De novo design of DNA origami with a generative diffusion model
1 Generative SNUPI introduces diffusion-model-based inverse design for DNA origami: given a user-defined line-based target geometry, it generates base-pair-level 3D structures that are physically plausible, then automatically produces scaffold routing and staple sequences for experimental fabrication.
2 A key bottleneck in generative DNA origami—lack of large standardized structural datasets—is addressed by training on simulated equilibrium conformations: 450 wireframe 2HB designs (216 2D, 234 3D) whose base-pair coordinates were generated with the SNUPI multiscale model.

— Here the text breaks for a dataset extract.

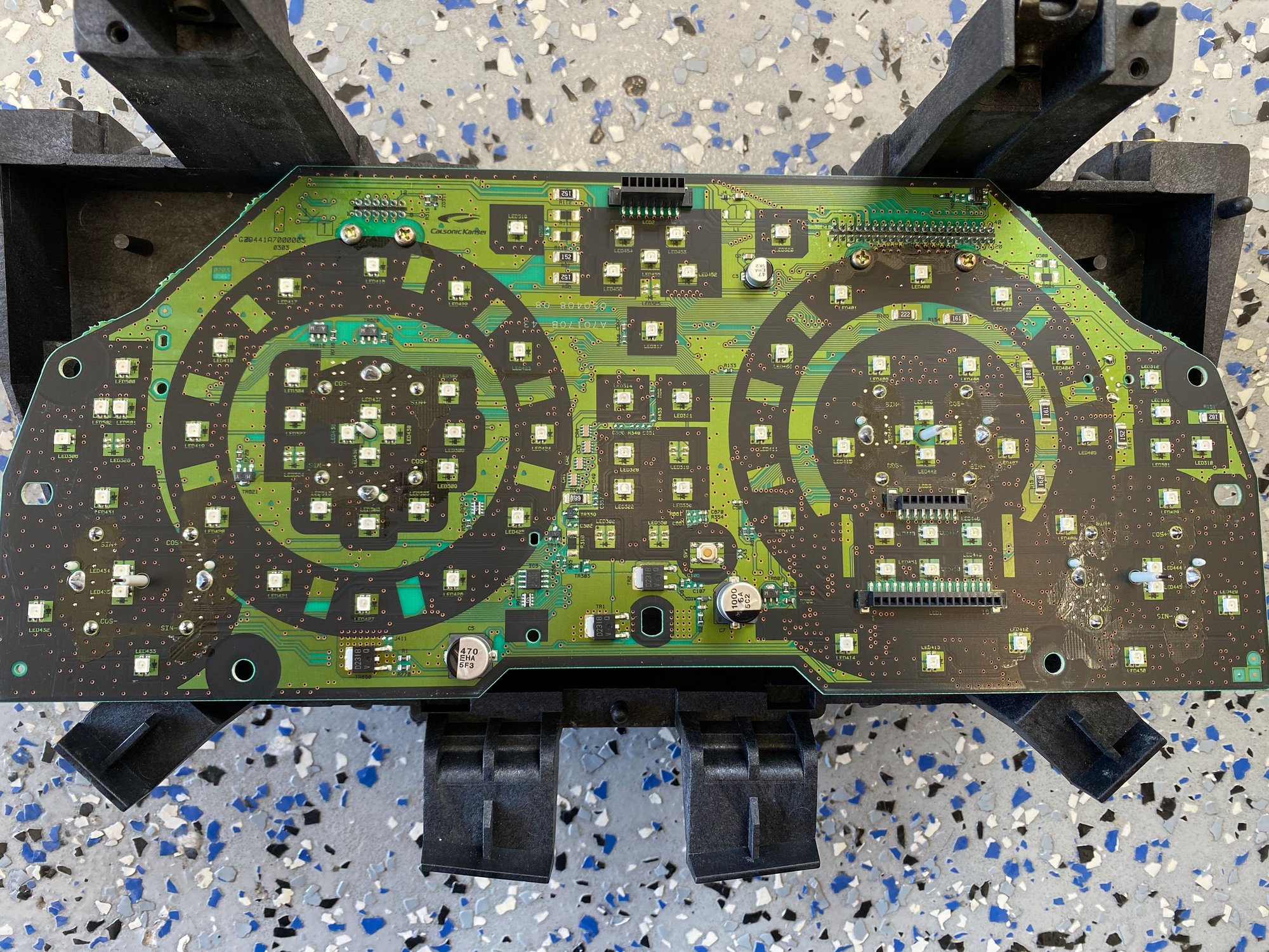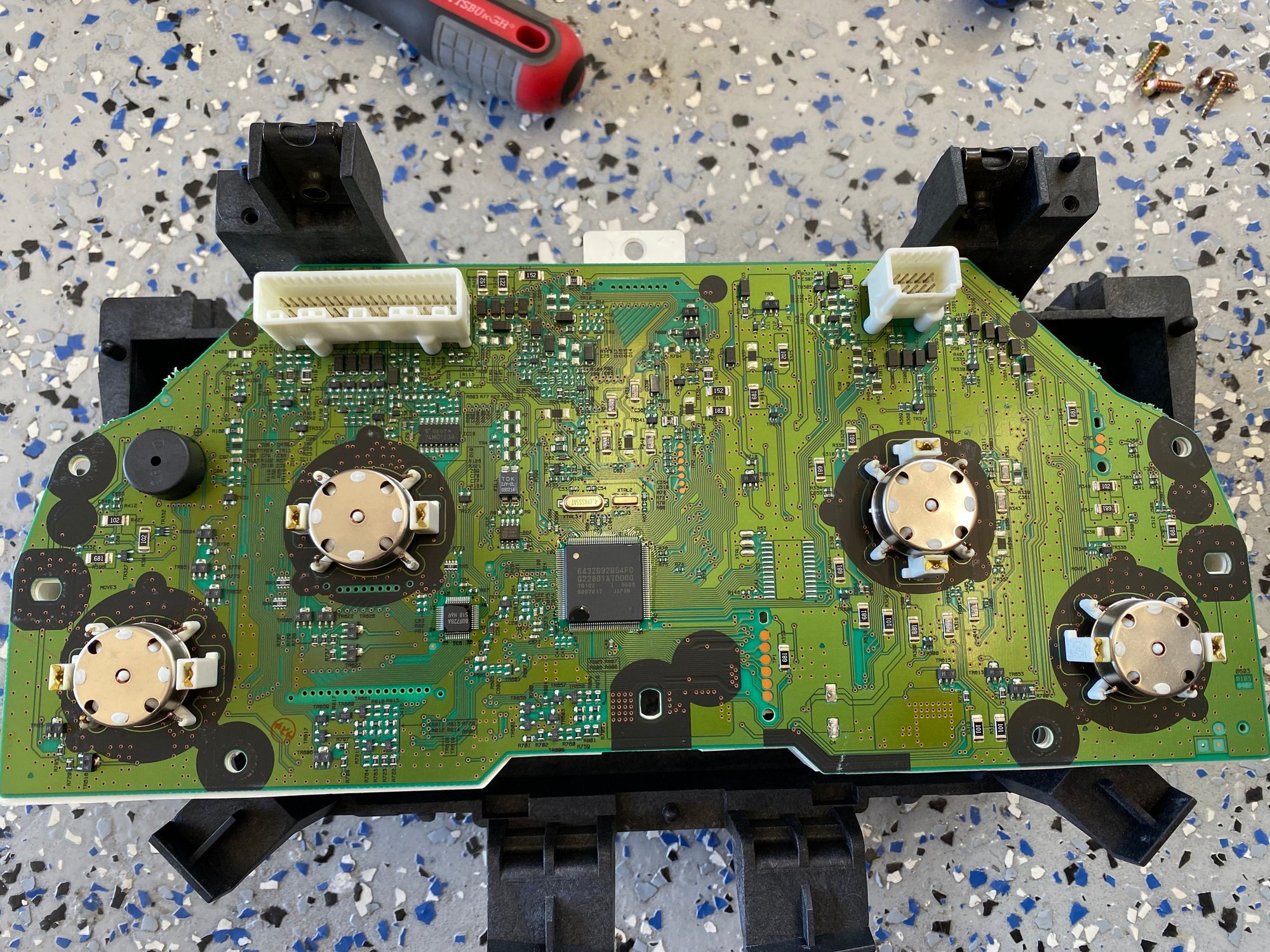 I bought many used clusters in hopes of experimenting and figuring out “the fix” for the notorious manumatic issue but had no luck. There are about a thousand resistors and other kinda electronic chips on the board….really really tiny ones. I used a fine point soldering iron to re-solder all the ones I possibly could, but that didnt help. Most of the chips are impossible to solder by hand because of their micro size. I have even went over the whole board with a heat gun in an attempt to soften up the solder and maybe re-weld and broken contacts. Still no help!

3 The generative core is a denoising diffusion probabilistic model operating on base-pair coordinates as a point-cloud-like representation, implemented with a scalable graph Transformer using random graph construction and SE(3)-aware geometric handling to avoid alignment during training.

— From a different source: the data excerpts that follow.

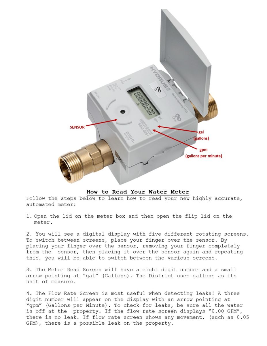 How to Read Your Water Meter: Locate the meter box located near the road on your property and gently remove the lid. (There could be wires attached and you don't want to disconnect them.) See the document below, "How to Read Your Water Meter", for step-by-step guidance.
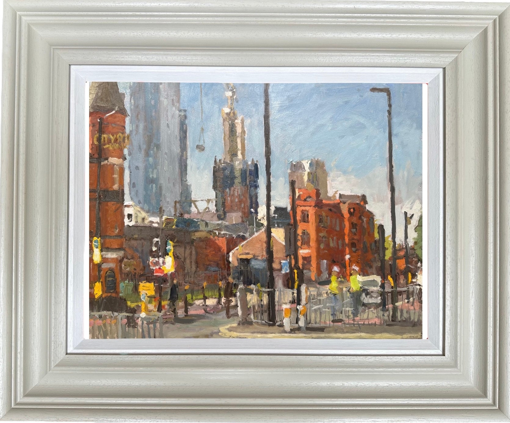 Painted over two goes with a 3 month gap in between. When I came back on it, the central high rise was built even higher. Loads of these rectangular blocks going up just here. The City Road Inn just the left. Painted right outside the Hacienda Apartments. No e’s and wizz, but pot smell everywhere!
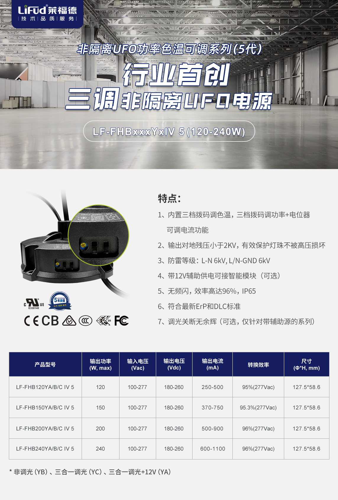 LF-FHBxxxYx IV 5系列是萊福德第五代非隔離UFO電源,首次集成了功率、色溫、電流撥碼,實現三調功能,在面對終端差異化且小型化的項目時,可快速通過撥碼調整整燈效果,有效減少客戶燈具SKU,降低備貨成本,并快速響應項目交期需求!
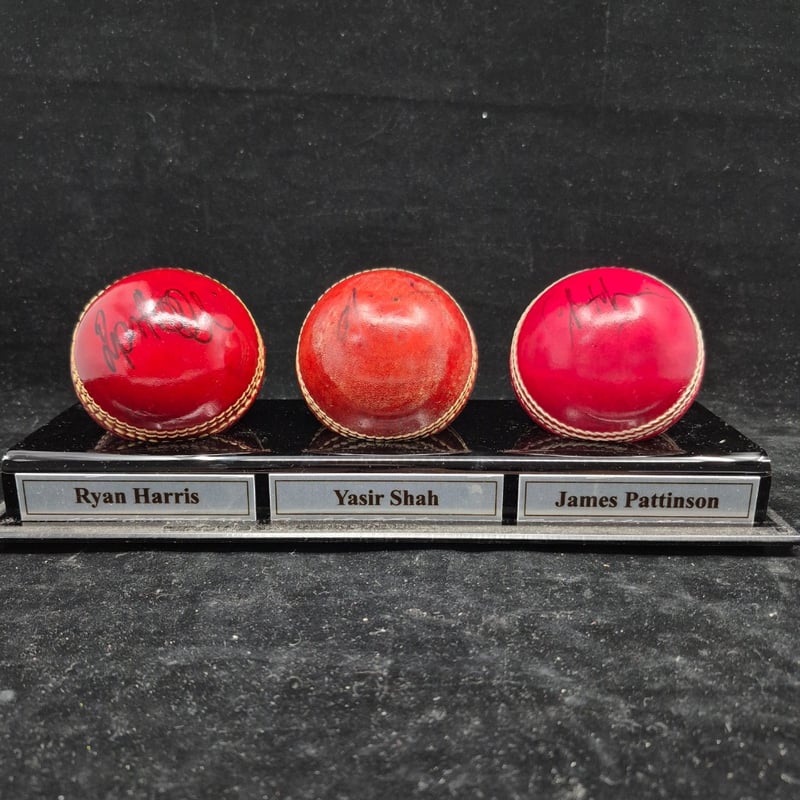 TRIO OF CRICKET BALLS SIGNED BY RYAN HARRIS, YASIR SHAH & JAMES PATTINSON Condition: Good - Refer To Images 587894+25
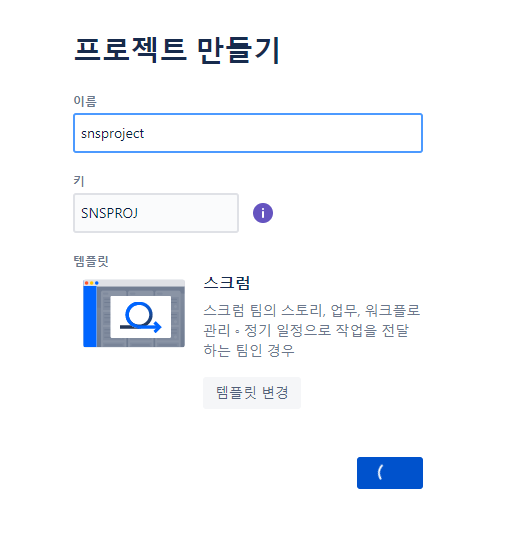 이름에는 본인이 진행하고자 하는 프로젝트의 이름을 적는다.
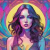 A symmetrical portrait of a womanβs face is rendered in flat, vibrant planes of color, resembling stained glass. The background swirls with liquid-like forms in a hot palette of Magenta, Orange, and Teal. Sharp Black outlines define the facial features and hair, creating a graphic contrast against the soft, blended gradients of the skin tones. The eyes, a piercing Cyan, are the focal point, drawing the viewer into a hypnotic gaze. The composition evokes a sense of energy and transformation.
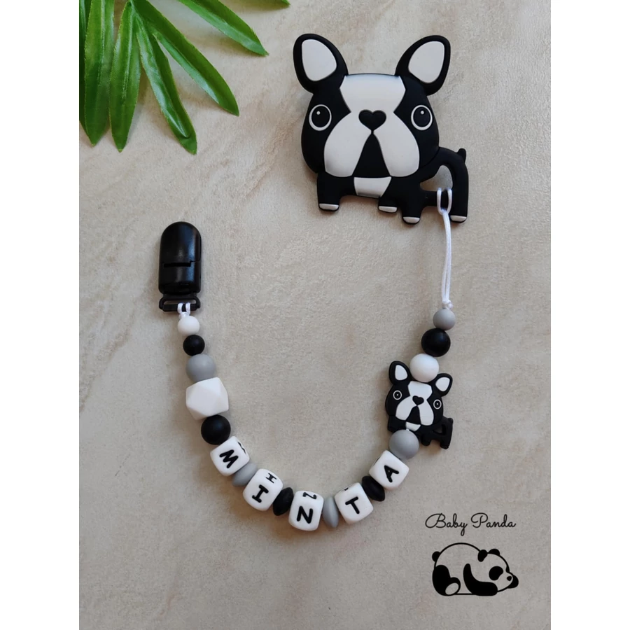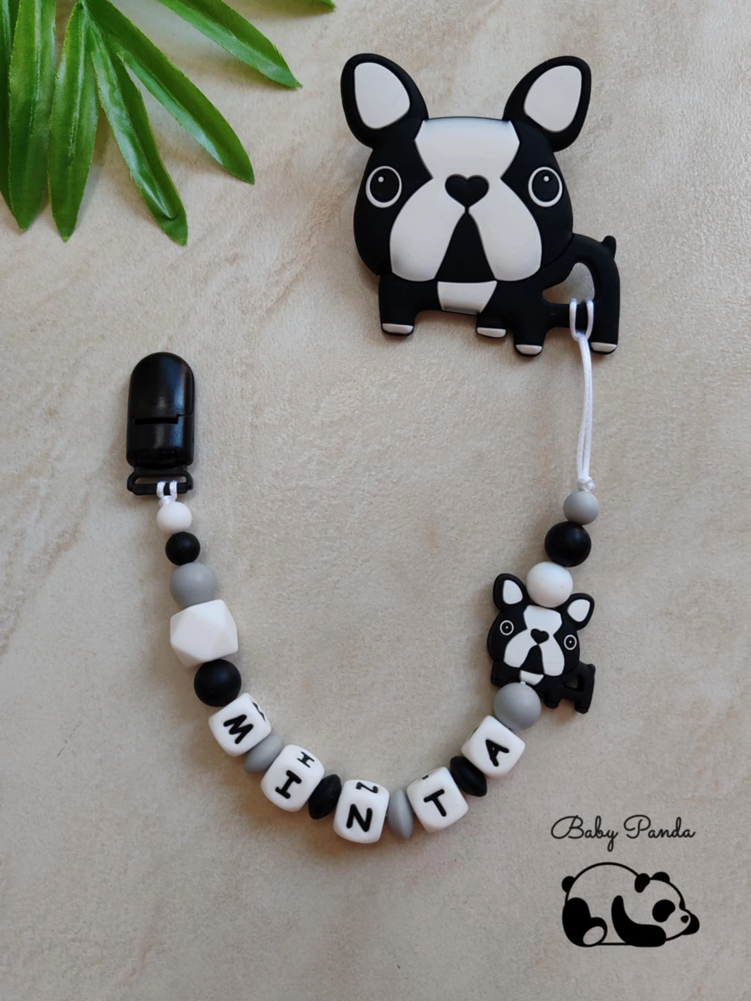 A fekete bulldog mintás névre szóló rágcsalánc a vagány megjelenést ötvözi a fogzási időszak praktikus támogatásával. A puha, biztonságos szilikon gyöngyök kíméletesek a baba ínyéhez, a különleges bulldog figura pedig garantáltan egyedi stílust ad. Egyedi névvel készítjük, így minden darab személyes, megismételhetetlen emlék. Tökéletes ajándék születésnapra, keresztelőre vagy bármilyen különleges alkalomra. Fedezd fel prémium választékunkat az egyedi kulcstartó, a MAM cumisüvegek, az emlékőrző dobozok és a babanapló kiegészítők kategóriában, hogy minden pillanat örök emlékké váljon.

4 To follow a target shape, the model uses conditional guidance based on optimal transport: classifier-style gradients derived from Wasserstein Distance (WD) bias diffusion sampling so generated structures converge toward the provided geometry, improving shape fidelity and routing success.
5 Across 100 diverse conditional generations (hundreds to ~15,000 base pairs), the WD to the target drops from widely varying initial values (192.69–2178.54 nm) to a low final average of 2.21 ± 1.32 nm, indicating consistent convergence to the intended geometry across sizes and complexities.

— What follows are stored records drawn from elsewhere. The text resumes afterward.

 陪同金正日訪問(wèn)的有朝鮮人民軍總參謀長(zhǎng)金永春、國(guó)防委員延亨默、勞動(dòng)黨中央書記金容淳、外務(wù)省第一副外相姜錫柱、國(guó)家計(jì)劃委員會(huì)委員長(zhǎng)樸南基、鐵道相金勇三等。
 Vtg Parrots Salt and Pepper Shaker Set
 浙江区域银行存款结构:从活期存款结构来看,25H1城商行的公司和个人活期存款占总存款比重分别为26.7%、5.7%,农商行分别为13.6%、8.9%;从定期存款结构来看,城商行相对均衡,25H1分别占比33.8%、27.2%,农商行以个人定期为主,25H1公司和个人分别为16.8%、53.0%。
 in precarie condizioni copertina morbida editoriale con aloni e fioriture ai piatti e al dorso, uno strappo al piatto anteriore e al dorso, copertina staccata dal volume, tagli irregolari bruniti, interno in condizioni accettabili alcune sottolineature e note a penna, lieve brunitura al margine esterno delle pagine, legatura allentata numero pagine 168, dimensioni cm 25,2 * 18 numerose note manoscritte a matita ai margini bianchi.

6 The pipeline goes beyond shape generation by integrating a deterministic routing program: generated geometries are converted into loop representations, spanning trees, scaffold routes, and staple sets (20–60 nt), with bond-length regularization (0.34 ± 0.05 nm), and export to atomic models via CNDO → oxDNA → PDB post-processing.
7 Generative SNUPI also embeds fast, in-workflow physics evaluation using SNUPI-based simulation to predict equilibrium shapes and flexibility (RMSD, RMSF) without heavy molecular dynamics; for 100 designs, many cluster around RMSD 2.49 ± 1.29 nm and average RMSF 1.72 ± 0.15 nm, enabling pre-experimental screening.
8 Experimental validation shows the simulation-guided design loop is actionable: a “Face 1” dog design predicted to have locally high RMSF folds with high monomer yield yet shows AFM distortion; adding edges to stiffen flexible regions (“Face 2”) improves AFM agreement and reduces RMSD (4.07 ± 0.48 nm to 3.45 ± 0.35 nm).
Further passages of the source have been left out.